Does the U.N. prevent peace when it intervenes? One writer says yes.

Amir Taheri does a masterful analysis of Ariel Sharon's impact on the Middle East. Buried in the article are a few paragraphs that are even more important.

As a professional soldier, Sharon saw that Israel had won all its wars with the Arabs in military terms, but failed to translate those victories into lasting political gains. At some point, he must have wondered why.

For a war to be won, it is not enough for one side to claim victory. It is also necessary for one side to admit defeat. Yet in the Arab-Israeli wars, the side that had won every time was not allowed to claim victory, while the side that had lost was prevented from admitting defeat. Why? Because each time the United Nations had intervened to put the victor and the vanquished on an equal basis and lock them into a problematic situation in the name of a mythical quest for an impossible peace.

This novel situation saw bizarre new concepts invented to prevent the normal mechanisms of war and peace from functioning. These include such concepts as "land for peace" and "peace with justice." Yet there is no instance in history in which the winner of a war has given the loser any land in exchange for peace. Nor is there a single instance in which justice and peace went together as Siamese twins. In every case, the winner wins the land and gives the loser peace. In every case, the peace that is imposed is unjust to the loser and just to the winner.

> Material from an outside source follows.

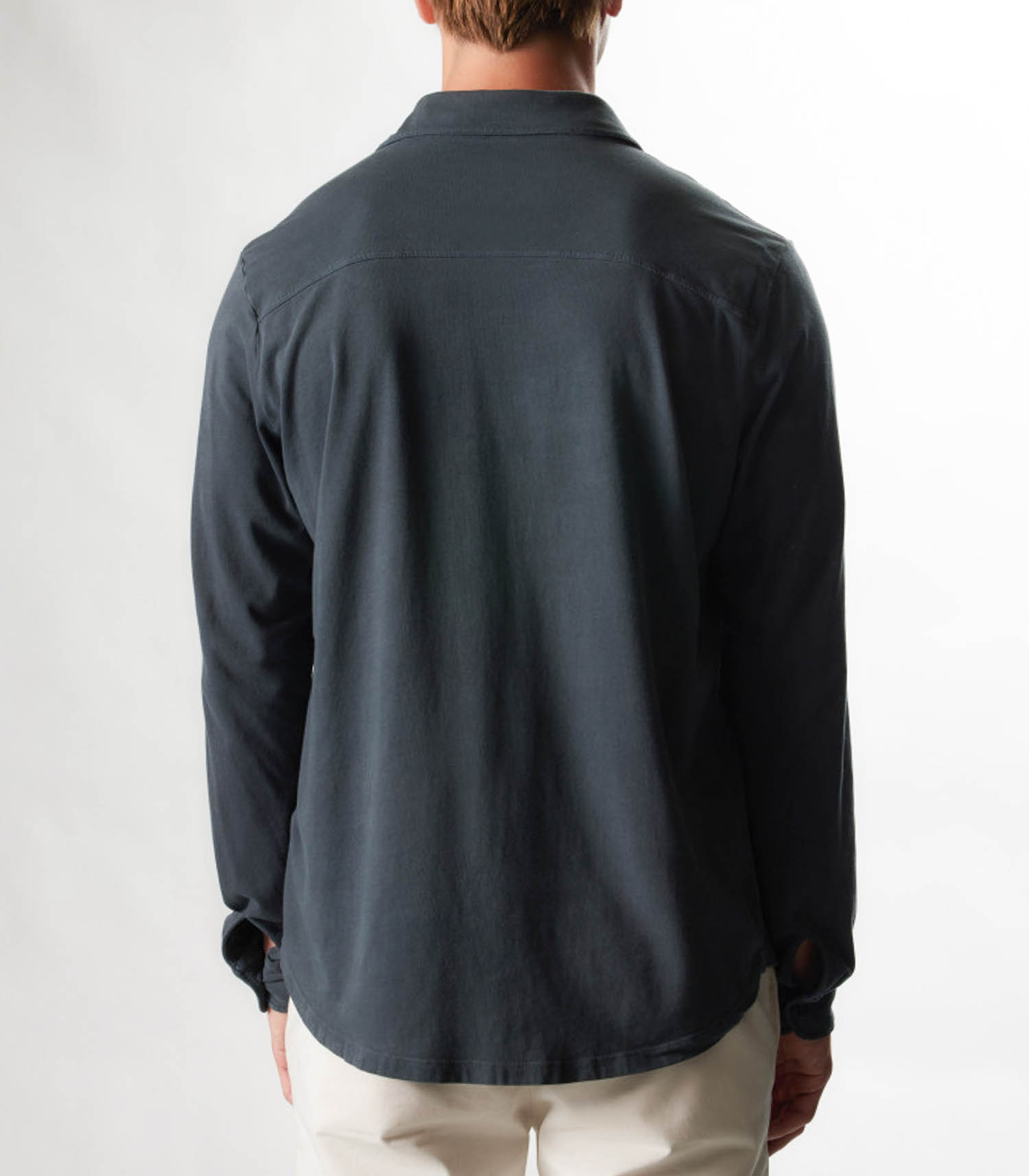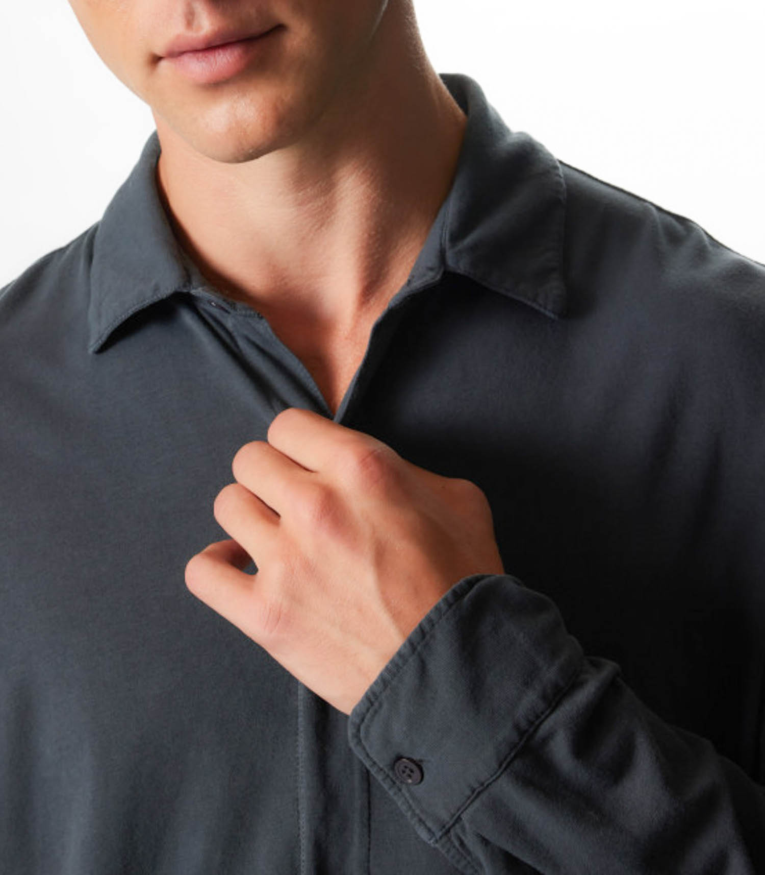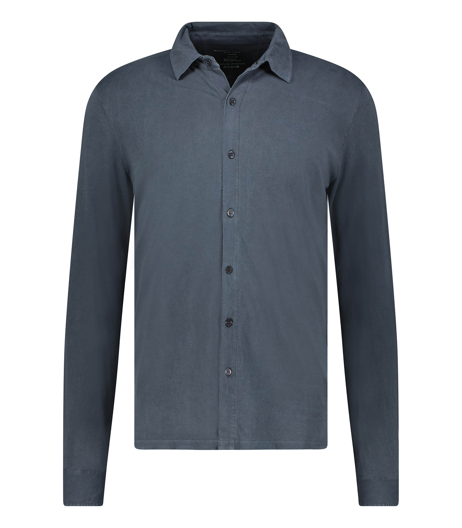 Chemise Manches Longues Homme Herman Crepuscule de la marque Majestic Filatures. Conçue sur une base de coton et élasthanne, elle offre un toucher doux et agréable à porter, tout en confort. Son coloris façon bleu pétrole en fait une pièce masculine et intemporelle.

Thus for more than 50 years Israel and the Arabs were asked to achieve what no others had ever achieved in history.

And so Israel-Palestine became the only conflict to defy a resolution. Successive Israeli governments preferred to wait for a Palestinian partner that would accept the kind of peace Israel could offer. This was mirrored by the Palestinians, who were asked by their Arab brothers and others in the United Nations to wait until Israel offered a peace that they would like.

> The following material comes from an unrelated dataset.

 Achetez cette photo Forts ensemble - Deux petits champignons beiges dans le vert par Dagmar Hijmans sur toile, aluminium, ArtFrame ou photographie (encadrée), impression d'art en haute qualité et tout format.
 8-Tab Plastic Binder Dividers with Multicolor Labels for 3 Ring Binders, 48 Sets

Sharon understood that if such a formula remained in force, there would never be peace. It was necessary for the victor to claim victory, regardless of what anyone else said. It was also necessary for the victor to take unilateral action, imposing the peace it could live with.

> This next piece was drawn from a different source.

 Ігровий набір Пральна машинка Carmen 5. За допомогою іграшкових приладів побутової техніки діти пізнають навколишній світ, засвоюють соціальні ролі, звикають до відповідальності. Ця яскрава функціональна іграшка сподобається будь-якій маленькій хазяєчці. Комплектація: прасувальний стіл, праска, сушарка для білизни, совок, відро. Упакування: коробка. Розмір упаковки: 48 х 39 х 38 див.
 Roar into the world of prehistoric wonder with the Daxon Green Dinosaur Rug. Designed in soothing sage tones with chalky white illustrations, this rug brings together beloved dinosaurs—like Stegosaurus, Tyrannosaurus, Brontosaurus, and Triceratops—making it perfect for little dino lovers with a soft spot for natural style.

From that perspective, it certainly makes sense.

The implications, however, are frightening. Any peace imposed by a U.N. force will only prolong the struggle that caused the U.N. intervention to begin with. History certainly seems to bear that out. What effective role that the U.N. will develop is still in the air, but as a military, the United Nations only prevents peace.

The question of if the U.N. can become effective is still undecided. Transparency in accounting would be a good first step, but that hasn't happened yet. The U.N. will never be a paragovernment, even if it's current power structure isn't hopelessly corrupt.